In June 2025, with years left on their licence agreements, both franchisees terminated their deals with Keller Williams, rebranded overnight as Royal LePage offices and redirected their old websites to their new pages.
Keller Williams sought an injunction to enforce the agreements’ non-competition covenants; the franchisees argued Keller Williams had breached first and forfeited the right to enforce them.
The high bar for a mandatory injunction
The court first had to decide which test applied: the relatively low “serious issue to be tried” standard from
RJR-MacDonald Inc. v. Canada (Attorney General), [1994] 1 S.C.R. 311 or the tougher “strong
prima facie case” standard.
As restoring the status quo would require the franchisees to take affirmative steps, such as unwinding their new Royal LePage operations, Justice Marvin Kurz found the injunction was effectively mandatory. That characterization mattered: mandatory injunctions require the moving party to show a strong
prima facie case. That is, a strong likelihood on the law and evidence presented that it will succeed at trial.
Dissatisfaction is not repudiation
The franchisees pointed to territorial encroachment, unresolved legal concerns about the business model and a declining brand to justify walking away. The court was unpersuaded.
Both franchisees had grown substantially under the Keller Williams system, expanding their agent counts and buying additional ownership stakes; facts hard to square with a claim that the franchise relationship had become worthless.
The court reiterated that fundamental breach requires depriving a party of substantially the whole benefit of the bargain, not merely underperformance relative to a hypothetical alternative. Franchisees weighing an exit should take note: dissatisfaction, even legitimate dissatisfaction, is rarely enough.

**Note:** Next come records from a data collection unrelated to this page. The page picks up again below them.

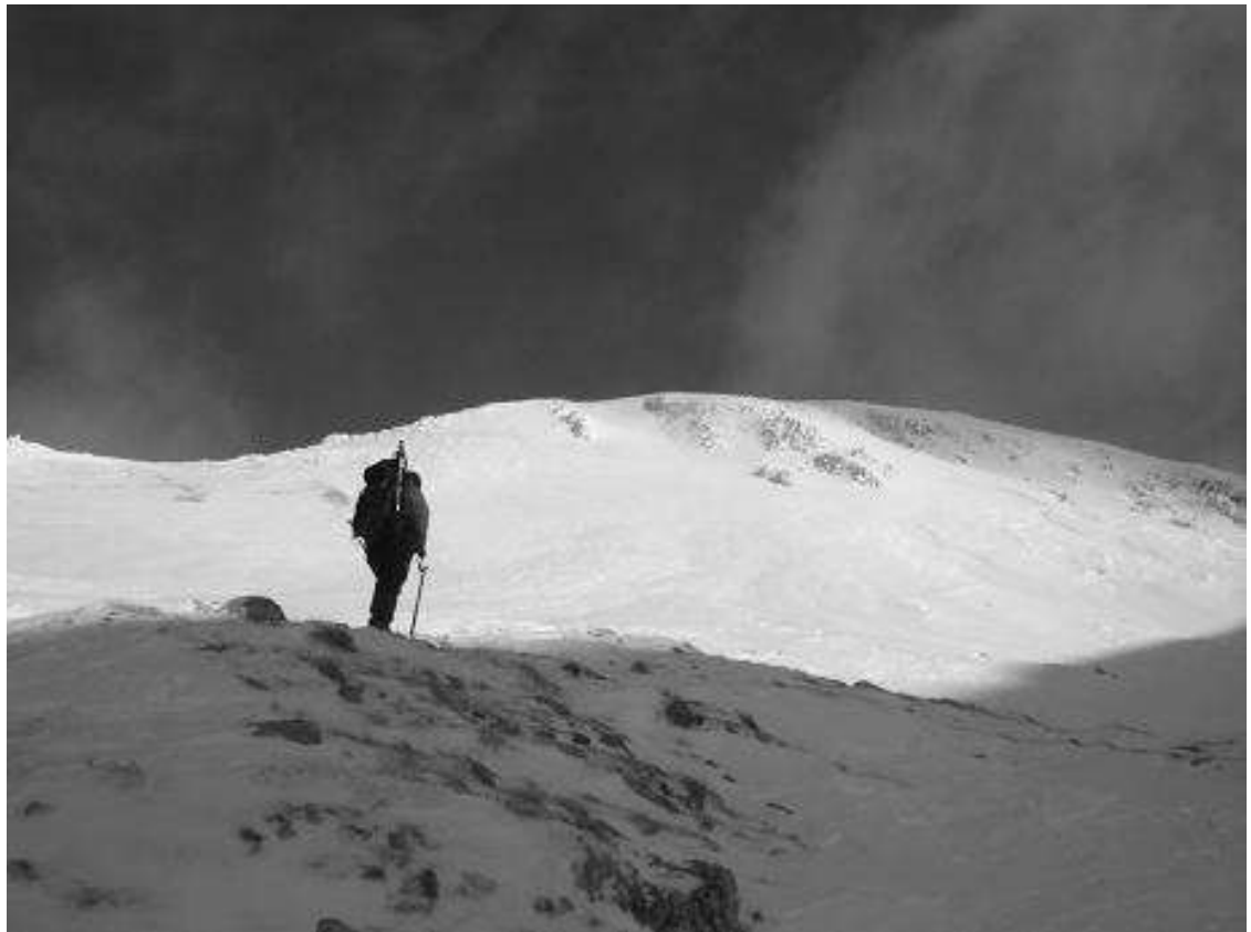
Proti vrhu Stola
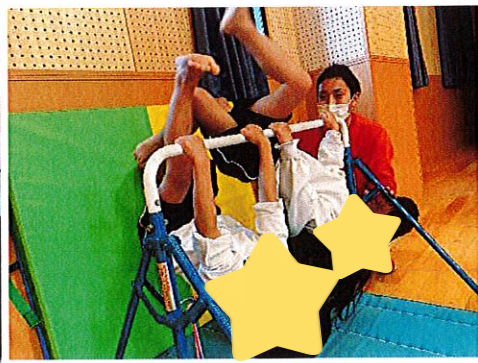
逆上がり、練習中です!!
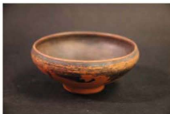
Λεπτο Σκαφιότιο (4 ος αι. π.Χ.)
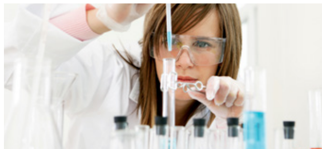
Now and then – Research and development make up a vital part of our company's core competence.
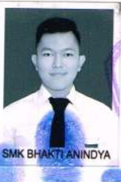
SMK BHAKTI ANINDYA

dari sekolah menengah kejuruan setelah memenuhi seluruh kriteria sesuai dengan peraturan perundang-undangan.
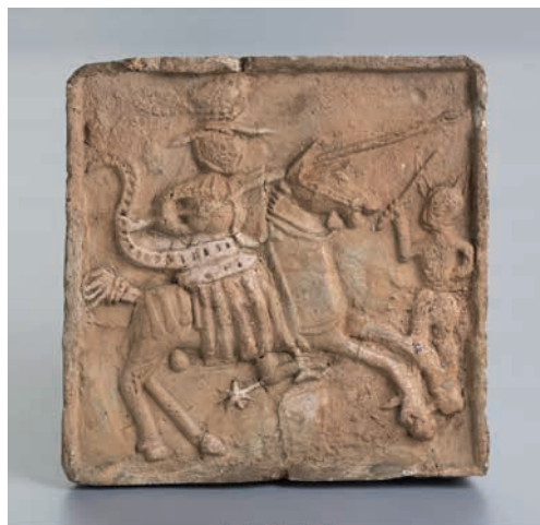
Komorový kachel s turnajovou scénou: jezdec na koni s dřevcem a štítem, na hlavě šišák s vlajčí stuhou, vlevo šašek. Čechy, polovina 15. stol. Muzeum hlavního města Prahy, foto I. Kyncl.

Cílem této práce bude zmapovat místa, kde se rytířské hry v Praze konaly, jejich chronologii a architekturu s širším přesahem k historii fenoménu. Vycházet
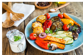
Délicieux avec différents légumes
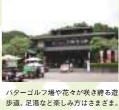
バターゴルフ場や花々が咲き誇る遊歩道、足湯など楽しみ方はさまざま。
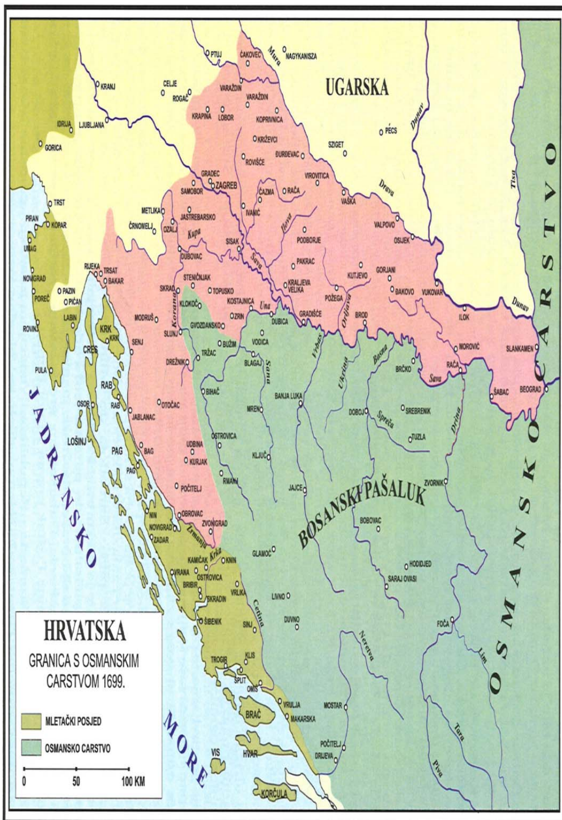
Karta 4. Granica razgraničenja prema miru u Srijemskim Karlovcima 1699.
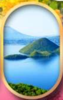
วิวทะเลสาบโทโยะ
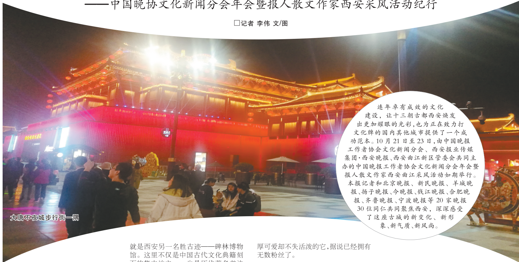
大唐不夜城步行街一隅

连年卓有成效的文化建设，让十三朝古都西安焕发出更加耀眼的光彩，也为正在致力打文化牌的国内其他城市提供了一个成功范本。10月21日至23日，由中国晚报工作者协会文化新闻分会、西安报业传媒集团·西安晚报、西安曲江新区管委会共同主办的中国晚报工作者协会文化新闻分会年会暨报人散文作家西安曲江采风活动如期举行。本报记者和北京晚报、新民晚报、羊城晚报、扬子晚报、今晚报、钱江晚报、合肥晚报、齐鲁晚报、宁波晚报等20家晚报30位同仁共同聚焦西安，深深感受了这座古城的新变化、新形象、新气质、新风貌。
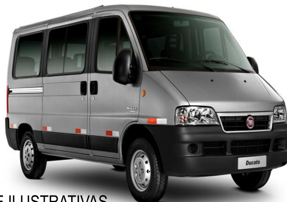
FIGURAS MERAMENTE ILUSTRATIVAS

11.4. Já em relação aos serviços pretendidos pela secretaria municipal de assistência social, trata-se de veículos automotores dos tipos leve, pick-up, para transportar leite do Programa Leite Potigua – PLP do Governo do Estado para várias comunidades rurais do município de Luís Gomes, conforme rotas estabelecidas no item dois do presente Termo de Referência

Non-competes hold, especially in-term
The court also rejected challenges to the restrictive covenants on both ambiguity and overbreadth grounds. As the covenants applied only during the life of the agreements, rather than post-termination, they attracted a more favourable review than a typical employment non-compete would.

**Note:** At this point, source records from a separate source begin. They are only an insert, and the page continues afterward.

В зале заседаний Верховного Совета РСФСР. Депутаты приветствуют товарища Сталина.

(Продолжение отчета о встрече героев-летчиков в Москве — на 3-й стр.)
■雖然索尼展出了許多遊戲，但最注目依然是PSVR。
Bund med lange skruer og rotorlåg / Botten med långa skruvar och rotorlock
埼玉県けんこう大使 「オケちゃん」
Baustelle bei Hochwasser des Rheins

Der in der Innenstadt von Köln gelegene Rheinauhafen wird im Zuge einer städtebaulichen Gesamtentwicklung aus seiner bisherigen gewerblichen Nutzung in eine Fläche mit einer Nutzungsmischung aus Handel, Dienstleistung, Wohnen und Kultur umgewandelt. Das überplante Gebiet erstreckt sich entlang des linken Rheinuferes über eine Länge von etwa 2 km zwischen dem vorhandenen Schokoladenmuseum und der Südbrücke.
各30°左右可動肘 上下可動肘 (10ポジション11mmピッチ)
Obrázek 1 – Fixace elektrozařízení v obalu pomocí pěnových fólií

The court further drew an adverse inference from the franchisees’ refusal to produce unredacted copies of their new Royal LePage agreements, reasoning that narrower covenants would likely have been disclosed.

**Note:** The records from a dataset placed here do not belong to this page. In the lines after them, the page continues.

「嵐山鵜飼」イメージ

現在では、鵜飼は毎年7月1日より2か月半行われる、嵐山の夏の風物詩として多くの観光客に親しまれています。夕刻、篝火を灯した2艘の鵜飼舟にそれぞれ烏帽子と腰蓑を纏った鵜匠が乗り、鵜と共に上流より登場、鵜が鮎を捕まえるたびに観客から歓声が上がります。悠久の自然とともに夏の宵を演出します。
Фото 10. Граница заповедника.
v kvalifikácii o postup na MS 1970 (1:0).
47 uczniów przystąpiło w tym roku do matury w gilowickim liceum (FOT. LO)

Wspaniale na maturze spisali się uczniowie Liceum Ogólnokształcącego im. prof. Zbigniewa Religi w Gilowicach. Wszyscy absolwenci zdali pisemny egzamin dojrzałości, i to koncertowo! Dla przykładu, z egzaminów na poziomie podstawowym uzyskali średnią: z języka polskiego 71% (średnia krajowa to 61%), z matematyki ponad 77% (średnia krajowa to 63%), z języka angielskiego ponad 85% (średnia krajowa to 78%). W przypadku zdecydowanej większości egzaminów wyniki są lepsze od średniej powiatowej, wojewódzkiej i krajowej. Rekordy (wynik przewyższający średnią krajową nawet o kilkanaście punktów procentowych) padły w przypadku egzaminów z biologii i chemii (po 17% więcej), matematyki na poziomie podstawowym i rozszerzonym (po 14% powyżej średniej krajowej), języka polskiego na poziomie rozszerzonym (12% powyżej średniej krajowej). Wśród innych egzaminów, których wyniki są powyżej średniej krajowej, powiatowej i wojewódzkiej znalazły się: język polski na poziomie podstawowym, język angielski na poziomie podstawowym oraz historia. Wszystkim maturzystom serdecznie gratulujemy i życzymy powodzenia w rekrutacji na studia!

On irreparable harm, the loss of two major franchises to a competitor, along with the risk that other franchisees might conclude covenants can be breached without consequence, tipped the balance decisively toward Keller Williams.
The court was similarly unmoved by the franchisees’ argument that an injunction would leave them caught between competing contractual obligations, noting that they had unilaterally created that conflict.
Takeaways for practitioners
The decision offers several practical lessons.
First, how an injunction is framed at the outset can decide the case: relief that requires a defendant to undo what it has already done is likely to be treated as mandatory, triggering the stricter strong
prima facie standard.
Second, fundamental breach in the franchise context remains a high bar: courts will scrutinize whether the complained-of conduct actually deprived the franchisee of the substance of the bargain, not just whether a better deal was available elsewhere.
Third, in-term non-competes in commercial franchise agreements continue to enjoy considerably more deference from Ontario courts than post-term covenants or employment-based restrictions, particularly where the defecting party benefited from the relationship for years before walking away.
Farhad Shekib is a commercial and estates litigator at Pinto Shekib LLP.